The WHO Director General Tedros Adhanom Ghebreyesus said to address these challenges Africa must remain united. While reaffirming the WHO’s commitment to continue supporting the continent, DG Tedros said the continent must take the lead.
Climate change is having a growing impact on the African continent, hitting the most vulnerable hardest, and contributing to food insecurity, population displacement and stress on water resources.
An African Development Study (ADB) report disclosed that Africa is losing between 5 to 15 percent of its Gross Domestic Product (GDP) due to Climate Change.
To respond to these challenges, Ministers of Health around the world will meet at the United Nations Climate Change Conference dubbed COP28 in Dubai, United Arab Emirates to discuss means of finding immediate and long-term solutions.
“Africa needs to prepare and collaborate in the face of new health threats posed by Climate Change,” Dr Jean Kaseya, Director General, Africa CDC said.
He disclosed that eighteen African countries are currently battling cholera with 4000 registered deaths as a result of climate change.
“These factors pushed the Africa CDC to advocate for the implementation of a One-Health approach geared towards addressing effects of climate change,” he added.
Attended by 5,000 delegates and followed online by over 20,000 people from around the world, the Lusaka conference is expected to shape the destiny of Africa in health care delivery.
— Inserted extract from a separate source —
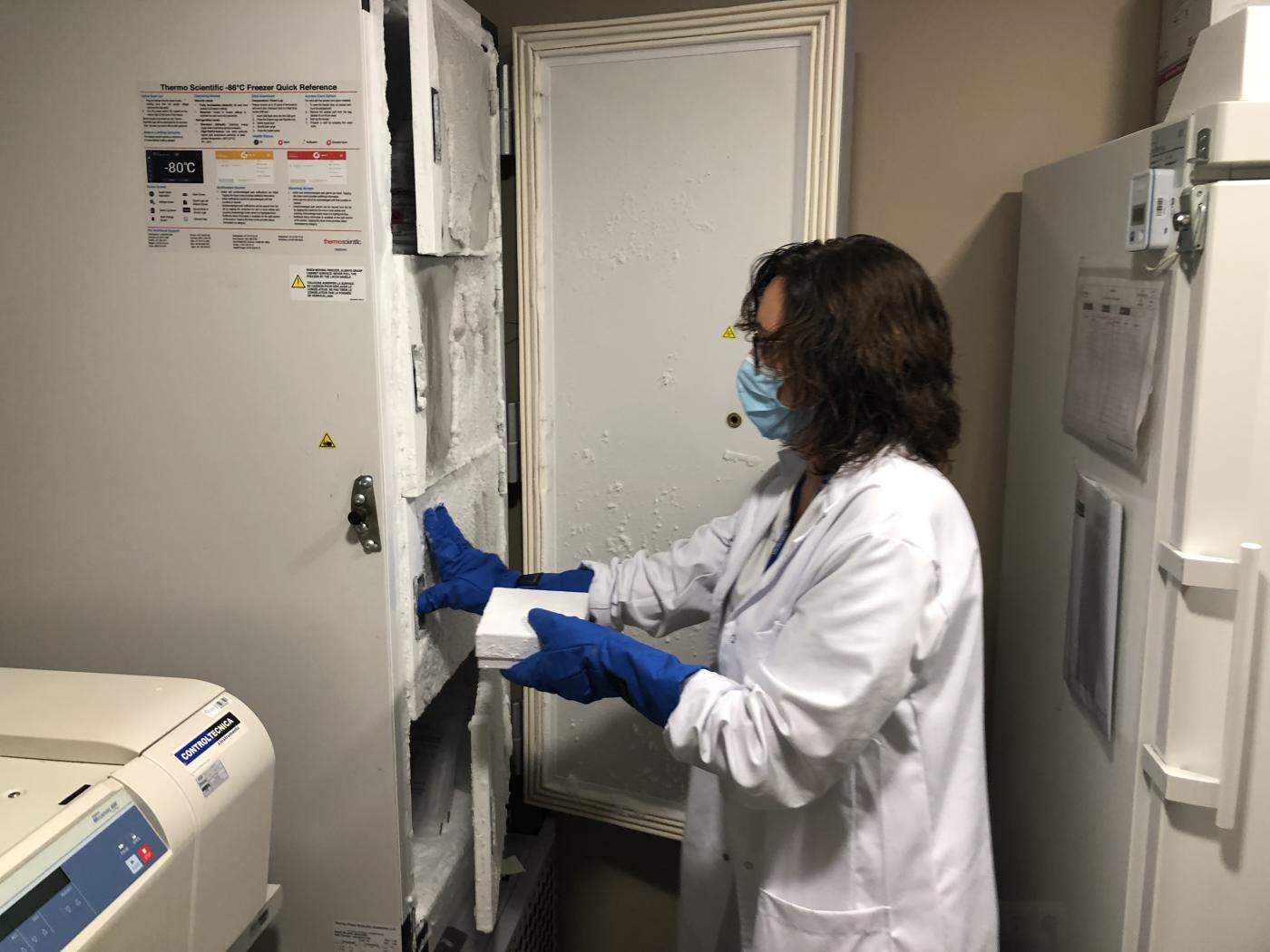 Profesional cogiendo muestras en nevera.
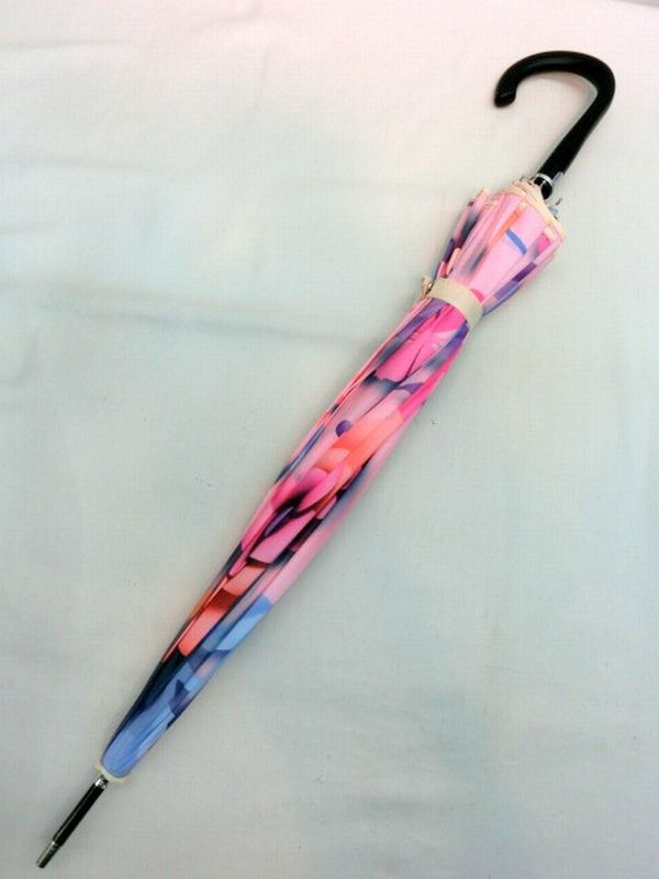 | 人気のサンフラワー骨使用・立体感のある花柄が華やかな、ペーパーアート柄1枚張りジャンプ雨傘です。 枝分かれ式の16本骨サンフラワー骨はその名の通り花のようで内側もオシャレです。 一枚張りだから雨漏りの心配を軽減し、一枚張りだからできる柄の途切れないデザイン性の高い雨傘です。 |

It focuses on pandemic preparedness and resilient financing mechanisms for Africa, fostering African-led innovation: Advancing Local Production in Vaccines, Diagnostics and Therapeutics, delivering Universal Health Coverage in Africa – Strengthened and Equitable Health Systems, for Women by Women: Access to adequate healthcare for young girls and women in Africa, safeguarding Africa’s Health Security: health emergencies, biosecurity, climate change, and multi-sectoral response mechanisms, transforming Health in Africa through Digital Innovation, whole-of-society – the Power of Engaging Civil Society, the Private Sector and Local Philanthropy, combating Infectious Diseases, NTDs and Antimicrobial Resistance in Africa and unmasking the Silent Epidemics: NCDs, Mental Health and Injuries.